Both bradycardia and arterial hypotension are well-known effects of opioids and are probably related to a vagomimetic action and to a centrally-mediated reduction in systemic vascular resistance, respectively; remifentanil, as other fentanyl analogues, probably does not cause histamine release or myocardial depression.21 In this study, remifentanil infusion caused a decrease of heart rate and blood pressure that was already clinically relevant at an infusion rate of 0.10 µg•kg-1•min-1. Arterial hypotension was observed in three patients, but was successfully treated with fluid administration. A marked, but well tolerated bradycardia was observed in one patient; however the patient recovered spontaneously and atropine administration was not necessary since heart rate increased a few minutes after ending remifentanil infusion. In this regard, remifentanil’s prompt elimination after stopping the infusion is particularly valuable to control circulatory adverse effects.
Plasma catecholamine concentration is a commonly used index of sympathetic activity in man.22–25 In healthy subjects, sleep is associated with low levels of plasma catecholamines.23 In critically ill patients, plasma epinephrine and norepinephrine have been utilized to assess sympathetic tone during sedation.24,25 We observed a significant decrease of plasma epinephrine concentration associated with increasing infusion rates of remifentanil, while norepinephrine did not change significantly since its values fell in a wider range than epinephrine and decreased only in some patients. We have no clear explanation for the different trends of epinephrine and norepinephrine. In another study performed after myocardial revascularization, deep sedation with propofol compared with intermittent administration of midazolam and morphine, decreased plasma epinephrine concentration more than norepinephrine concentration.25 These findings could possibly originate from differences between the two catecholamines. Plasma epinephrine reflects adrenomedullary release, while plasma norepinephrine mainly originates from neuronal discharge; moreover various stimuli could elicite different degrees of release of epinephrine and norepinephrine.26 Further studies are necessary to clarify this point.
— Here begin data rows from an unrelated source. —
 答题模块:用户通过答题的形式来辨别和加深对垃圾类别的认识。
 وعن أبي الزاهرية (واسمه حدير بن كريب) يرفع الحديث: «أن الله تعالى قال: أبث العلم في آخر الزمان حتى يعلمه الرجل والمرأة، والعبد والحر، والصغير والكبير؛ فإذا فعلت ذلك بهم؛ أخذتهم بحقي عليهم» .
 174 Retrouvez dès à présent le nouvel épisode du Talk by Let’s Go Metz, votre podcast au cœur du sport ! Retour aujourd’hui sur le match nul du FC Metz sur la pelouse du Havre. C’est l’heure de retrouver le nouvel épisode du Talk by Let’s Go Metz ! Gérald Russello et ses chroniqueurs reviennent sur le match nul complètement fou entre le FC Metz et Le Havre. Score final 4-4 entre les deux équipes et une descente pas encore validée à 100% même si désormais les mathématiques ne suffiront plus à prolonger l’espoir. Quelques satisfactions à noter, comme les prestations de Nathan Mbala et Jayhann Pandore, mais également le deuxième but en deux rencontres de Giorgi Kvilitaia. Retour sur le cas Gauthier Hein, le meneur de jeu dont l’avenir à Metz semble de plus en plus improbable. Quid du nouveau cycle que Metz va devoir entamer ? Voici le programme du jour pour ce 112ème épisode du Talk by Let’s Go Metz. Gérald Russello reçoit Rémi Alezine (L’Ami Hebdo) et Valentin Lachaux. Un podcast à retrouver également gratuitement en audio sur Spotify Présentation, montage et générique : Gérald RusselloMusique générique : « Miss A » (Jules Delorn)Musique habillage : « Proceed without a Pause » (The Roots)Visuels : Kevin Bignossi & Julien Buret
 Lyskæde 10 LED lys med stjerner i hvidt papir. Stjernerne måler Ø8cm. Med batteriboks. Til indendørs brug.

Itching is a common adverse effect of opioids, probably caused by a µ-receptor mediated central mechanism.27 In our study, three patients complained of itching; in one case it caused enough discomfort to require interruption of the infusion. The association with midazolam could decrease the incidence of itching during remifentanil sedation;28 in other cases droperidol could be useful.27 Remifentanil’s prompt elimination can stop itching in patients who do not respond to pharmacological therapy.
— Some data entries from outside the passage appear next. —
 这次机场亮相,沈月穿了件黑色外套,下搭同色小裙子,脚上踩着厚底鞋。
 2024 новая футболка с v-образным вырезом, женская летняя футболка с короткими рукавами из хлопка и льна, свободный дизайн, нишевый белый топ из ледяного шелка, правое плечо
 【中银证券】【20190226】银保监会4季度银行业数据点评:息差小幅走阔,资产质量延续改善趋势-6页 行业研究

The present study was designed also to assess the effects of increasing doses of remifentanil on several respiratory variables directly related to respiratory drive (as P0.1, TV/Ti, and RR), respiratory impedance (P0.1/[TV/Ti]), respiratory pattern (Ti/Ttot), and respiratory output (Vmin). We did not observe significant effects on respiratory drive, respiratory pattern, minute volume, and gas exchanges at the first two levels of infusion. At doses higher than 0.05 µg•kg-1•min-1, hypoventilation started to occur as demonstrated by a slight, but significant reduction of Vmin. Only when doses higher than 0.10 were administered was patient spontaneous breathing activity inhibited, as shown clearly by a reduction of P.01 and, subsequently, by the presence of respiratory pauses and by a significant reduction of spontaneous respiratory rate. Finally, the observed stability in P0.1/[TV/Ti], a reliable index of the mechanical transformation of the respiratory centre output signal,17 indirectly demonstrates the absence of effects of remifentanil on respiratory mechanics variables.
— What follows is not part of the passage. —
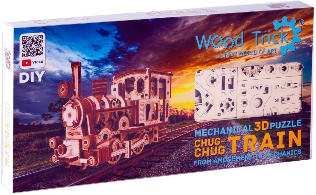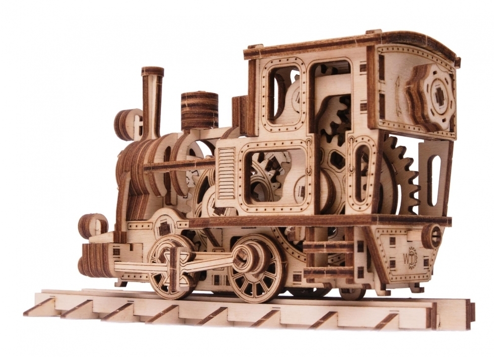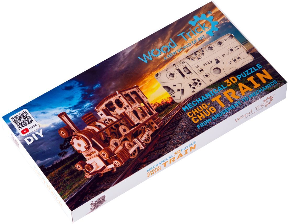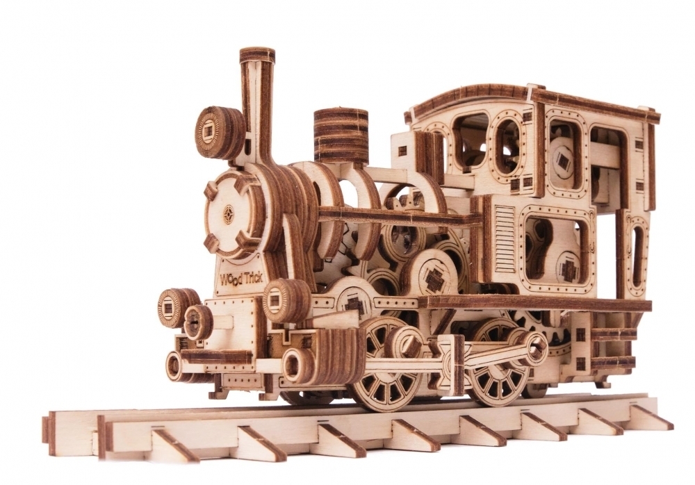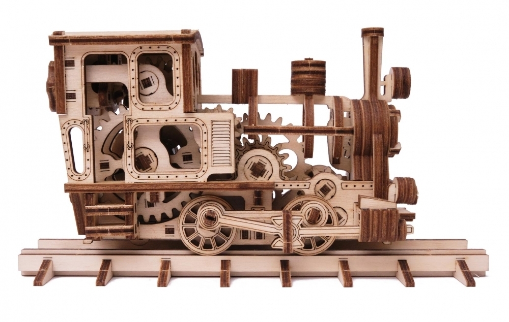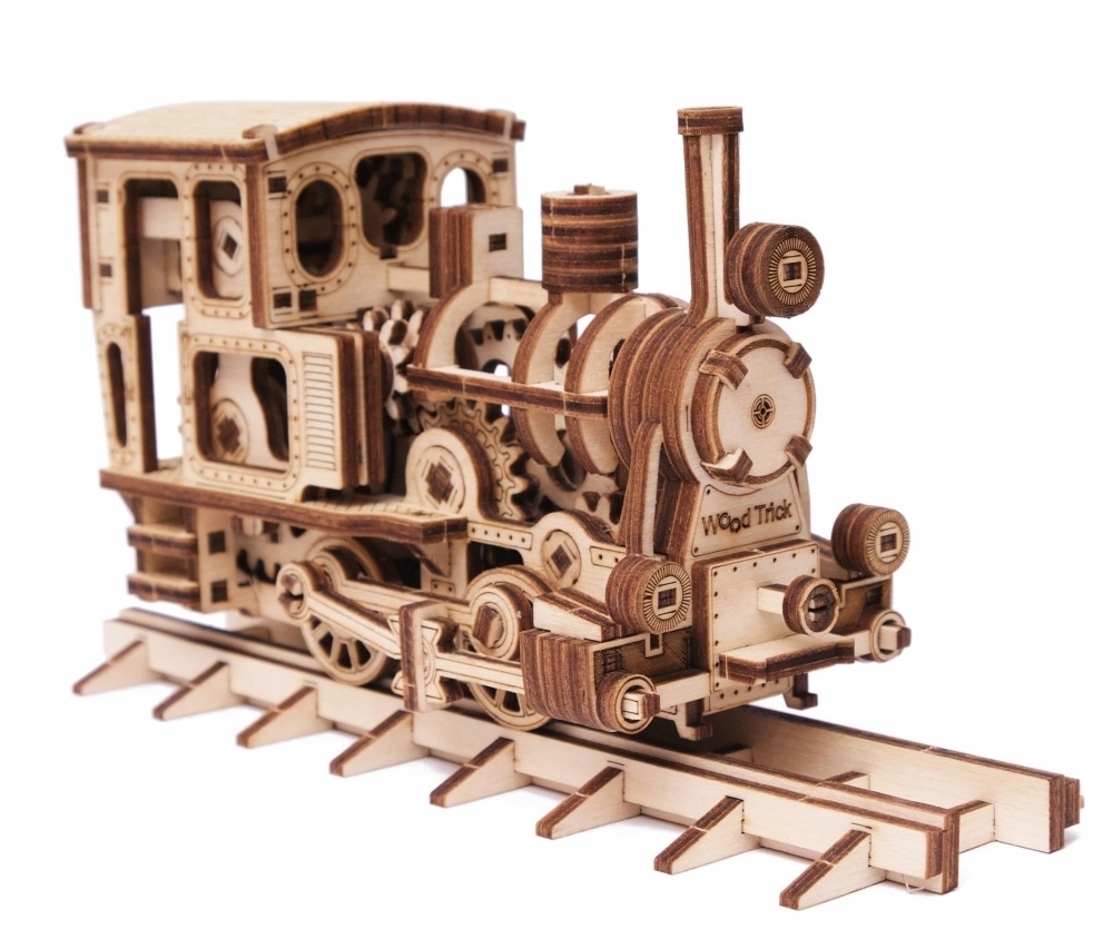 Механическая сборная деревянная модель Wood Trick Паровозик с рельсами

In conclusion, our observations suggest that low doses of remifentanil (up to 0.05 µg•kg-1•min-1) can be useful in patients requiring partial respiratory support (such as intermittent mandatory ventilation or pressure support ventilation) in order to achieve calm and sedation. Higher doses are necessary to obtain respiratory drive depression and to lower sympathetic tone, but require controlled mechanical ventilation and are associated with an increased incidence of adverse effects.
Revision received September 9, 2002. Accepted for publication May 23, 2002.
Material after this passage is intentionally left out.